» WORK REQUIRED: The expected output is each line from the one containing "另外一个炒锅烧热倒入花生油 加入蒜片爆香 加入里脊肉丝翻炒至发白" to the last line of the data below, set down exactly, minus the pictures.

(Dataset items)
..........
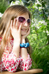 Little girl with a book sitting on the green grass
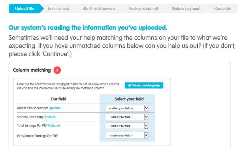 Once you’ve matched your non-optional fields, you’ll be able to click continue at the bottom of the page and carry on with submitting your data. Once you’ve done this initially, unless the format of your data changes, you won’t need to do this again.
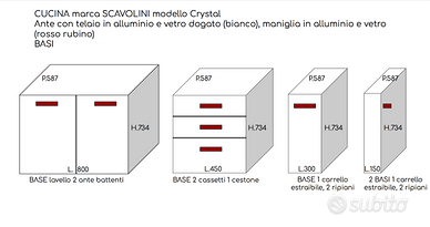 Vendo mobili CUCINA marca SCAVOLINI modello Crystal con Ante con telaio in alluminio e vetro dogato (bianco), maniglia in alluminio e vetro (rosso rubino).
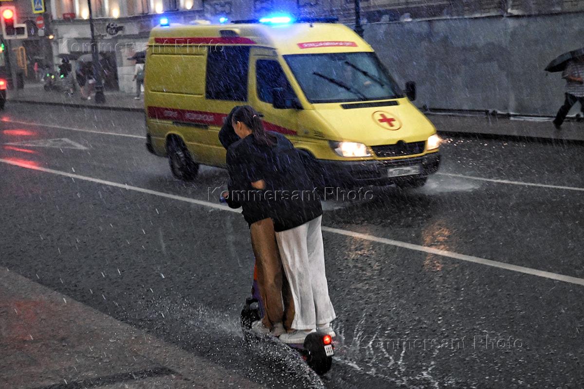 Виды Москвы во время ливня. Солянский проезд. Жанровая фотография. Молодые люди едут вдвоем на одном электросамокате.
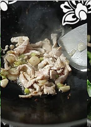 另外一个炒锅烧热倒入花生油 加入蒜片爆香 加入里脊肉丝翻炒至发白
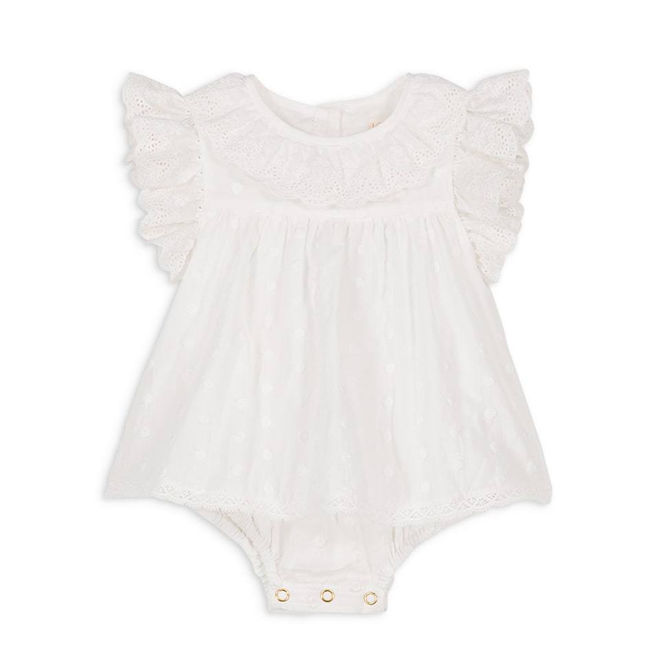 女婴白色刺绣棉连体衣
..........
» TASK OUTPUT:
 另外一个炒锅烧热倒入花生油 加入蒜片爆香 加入里脊肉丝翻炒至发白
 女婴白色刺绣棉连体衣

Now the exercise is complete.